Gauss's Law and E field problem

[gravenewworld]

I have two plates, one on top of the other, that have a charge densities +s1 of the top of the top plate, -s2 on the bottom of the top plate, s2 on the top of the bottom plate, and -s1 on the bottom of the bottom plate (s1 and s2 are both positive numbers). I have to find the electric field on top of the plates, inbetween, and below the plates. Using gauss's law I drew a cylinder through the top plate and found the electric field to be s1/e (e=permittivity of free space). On the bottom by symmetry the electric field would be -s1/e. Now my problem is finding the E field inbetween. The E field vector goes away from positive charge and goes toward negative charges. So If i make a cylinder for that goes through the top plate and find the amount of E field going through the bottom part of the cylinder I have E=-s2/e. Now for the bottom plate the E filed points away from the top part of the bottom plate so by using a cylinder and Gauss's law again I have E=s2/e. Thus the E field inbetween should be -s2/e + s2/e=0. But I don't see how this is the case since the E field vector from the bottom plate is in the same direction as the E field vector of the top plate since the bottom is positively charged and the top is negatively charged. Shouldn't I get E=2s2/e ?
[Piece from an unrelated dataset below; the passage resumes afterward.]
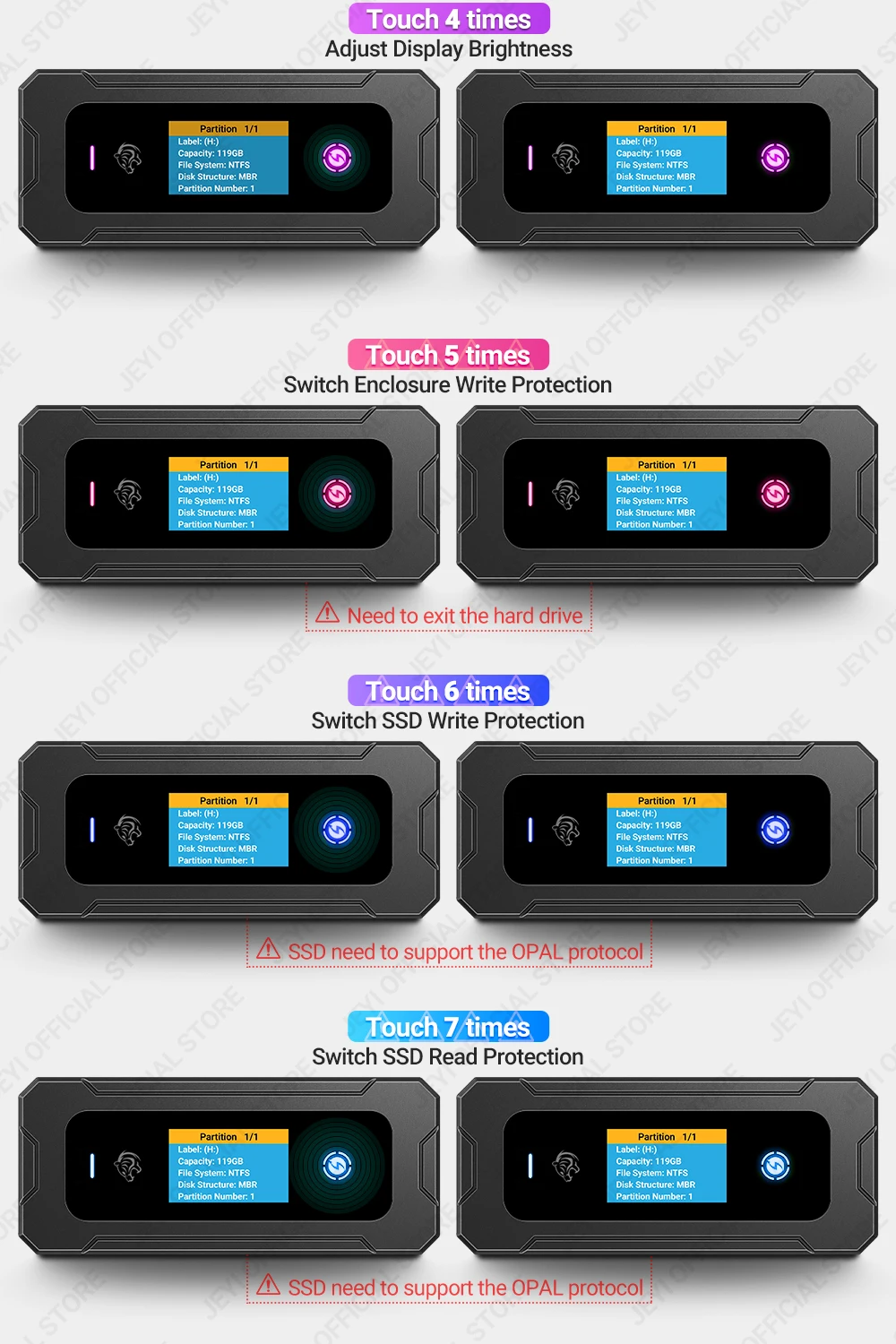 Сенсорный 7-кратный переключатель SSD Защита от чтения

What am I doing wrong? (I hope I didn't get you confused, but I don't know how to do latex.)

 

[OlderDan]

I have two plates, one on top of the other, that have a charge densities +s1 of the top of the top plate, -s2 on the bottom of the top plate, s2 on the top of the bottom plate, and -s1 on the bottom of the bottom plate (s1 and s2 are both positive numbers). I have to find the electric field on top of the plates, inbetween, and below the plates. Using gauss's law I drew a cylinder through the top plate and found the electric field to be s1/e (e=permittivity of free space). On the bottom by symmetry the electric field would be -s1/e. Now my problem is finding the E field inbetween. The E field vector goes away from positive charge and goes toward negative charges. So If i make a cylinder for that goes through the top plate and find the amount of E field going through the bottom part of the cylinder I have E=-s2/e. Now for the bottom plate the E filed points away from the top part of the bottom plate so by using a cylinder and Gauss's law again I have E=s2/e. Thus the E field inbetween should be -s2/e + s2/e=0. But I don't see how this is the case since the E field vector from the bottom plate is in the same direction as the E field vector of the top plate since the bottom is positively charged and the top is negatively charged. Shouldn't I get E=2s2/e ?

What am I doing wrong? (I hope I didn't get you confused, but I don't know how to do latex.)
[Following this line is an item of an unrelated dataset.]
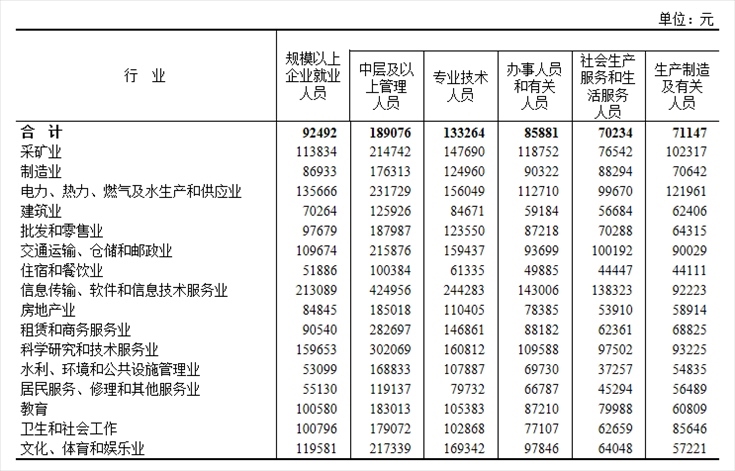 2022年全國(guó)規(guī)上企業(yè)就業(yè)人員年平均工資92492元

If I am reading it right, you have 4 planes of charge such that a Gaussian cylinder cutting all 4 planes encloses zero charge. By Gauss' law the integral of the normal component of the field over the surface will be zero. Since the field from any single plane of charge has reflection symmetry, and is independent of the distance from the plane, the fields outside the plates will be zero. Between the plates you will have contributions from all four planes, with a downward contribution from the s1 surfaces and upward from the s2 surfaces.

 

[thepatientmental]

First of all, great job using Gauss's Law to solve this problem! It looks like you have a good understanding of the concept. However, there seems to be a misunderstanding in your calculation for the electric field in between the plates.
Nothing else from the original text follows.